On 30 November 1923, Marx formed his minority first cabinet based on the Centre Party, the right-liberal German People's Party (DVP), the conservative Catholic Bavarian People's Party (BVP) and the center-left liberal German Democratic Party (DDP). The financial and economic situation of the Reich at the time was dire – Germany's hyperinflation peaked in late 1923 – and the central government's authority was challenged by right- and left-wing state governments as well as by separatism in the Rhineland. Marx pushed through the Enabling Act of December 1923 that gave his government the authority "to take such measures as it deems necessary and urgent in view of the plight of the people and the Reich". The government's achievements included stabilizing the currency following the introduction of the Rentenmark, fiscal consolidation, the resolution of the conflict between the Reich and Bavaria's right-wing government and de-escalation of tensions in the occupied Rhineland territories. In January 1924, the Emminger Reform replaced the system of trial by jury in Germany with a mixed system of career and lay judges that still exists today.

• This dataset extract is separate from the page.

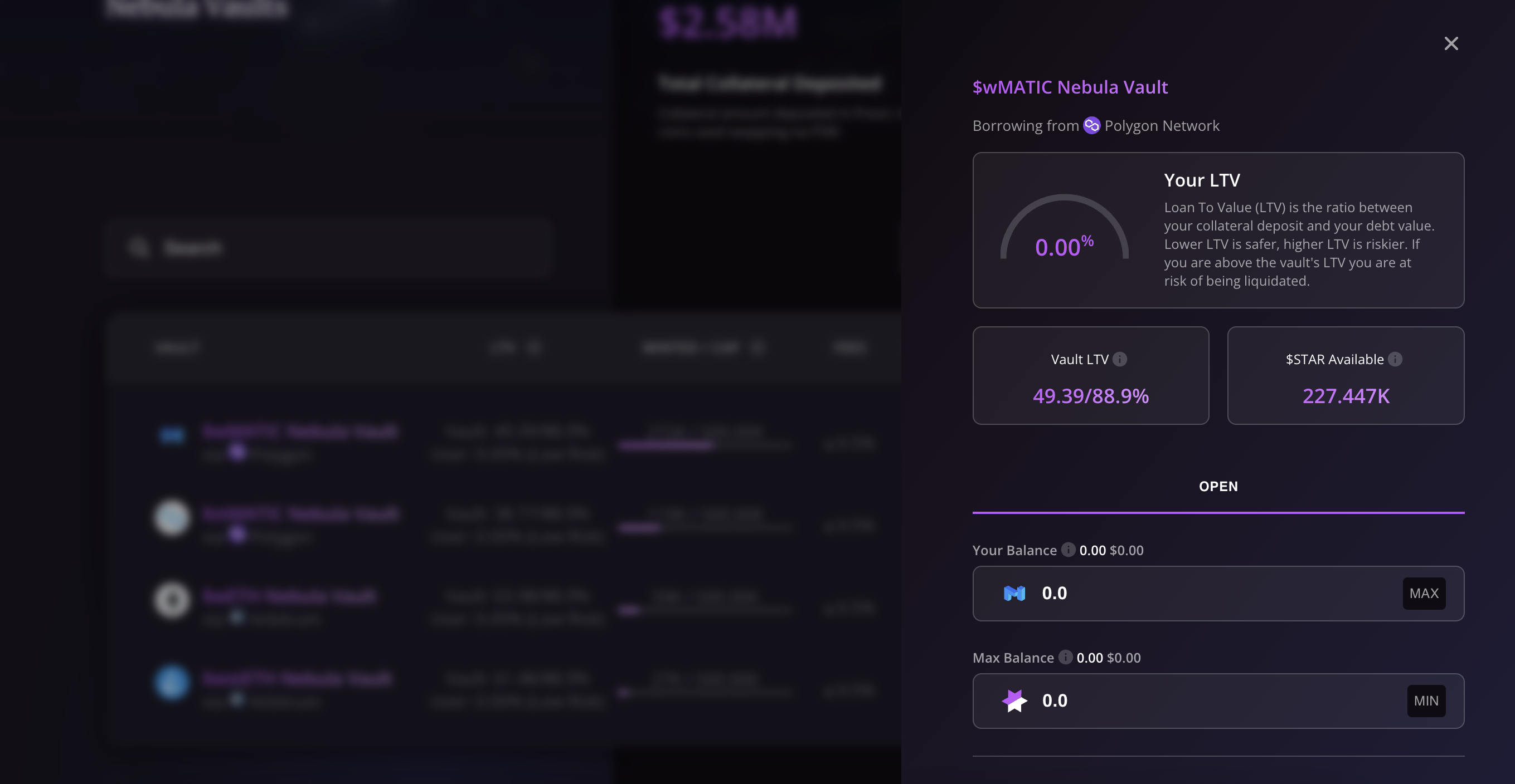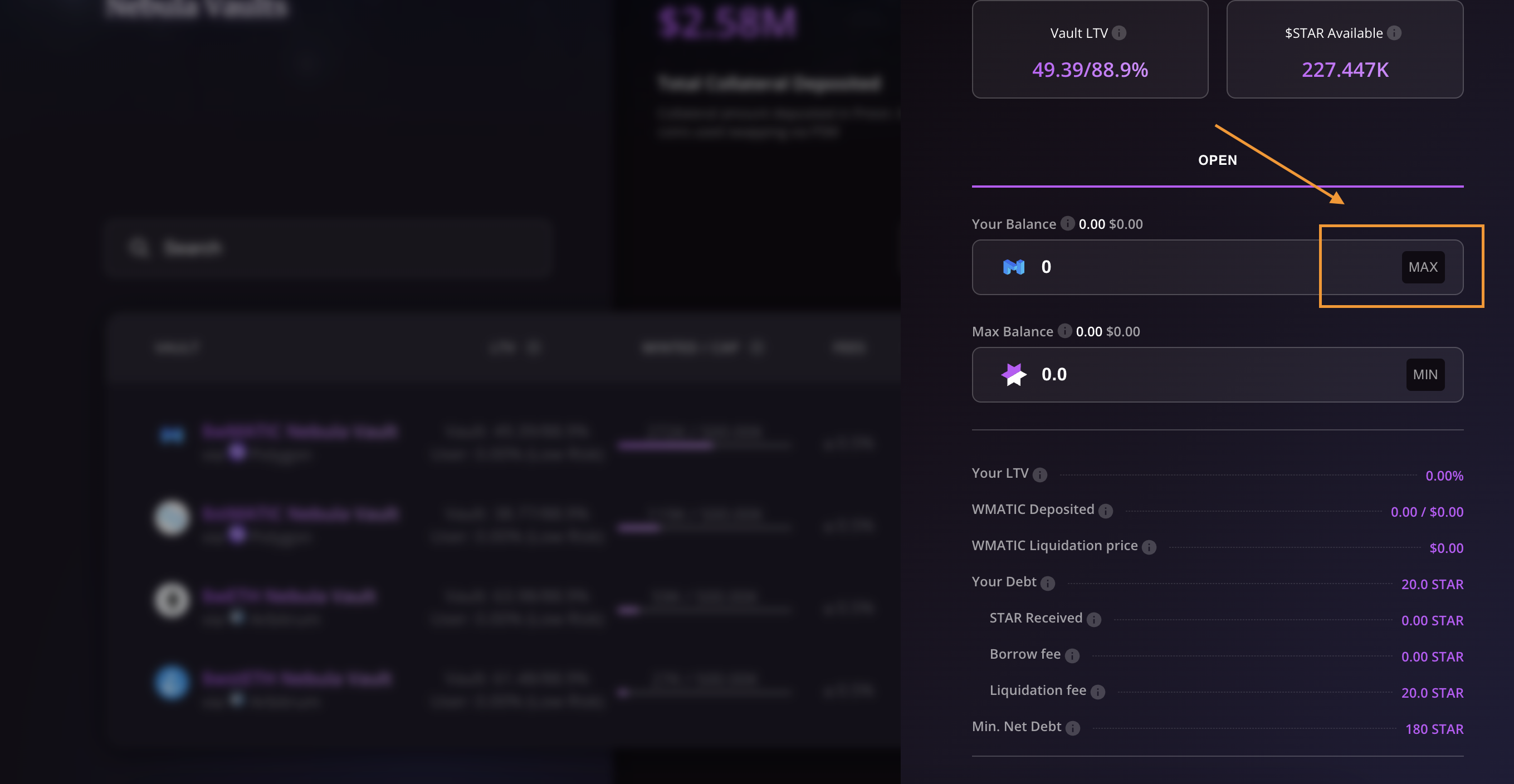 - Bước 1: Người dùng tạo Nebula Vault và gửi tài sản thế chấp để vay $STAR. Giao thức sẽ không tính lãi vay tuy nhiên người dùng phải trả một khoản phí vay cố định là 0.5% nếu khoảnh nợ kéo dài hơn 6 tháng.

In social policy, Marx's government presided over the introduction of family allowances for state employees and the issuing of the Federal Social Welfare Decree on 13 February 1924. This was aimed at tackling the causes of destitution and helping all those in need. Poor law residence was replaced by usual residence, and the federal statutes (as noted by one study) "established the principle that persons who could not provide minimum subsistence for themselves and their dependents, and who did not receive help from others, were entitled to proper maintenance including food, clothing, housing, medical aid in case of sickness, and the aid required in order to recover working capacity". Apart from the basic relief rate for destitute persons in general, there were higher rates for certain groups, including social insurance pensioners, war invalids and survivors, and victims of inflation.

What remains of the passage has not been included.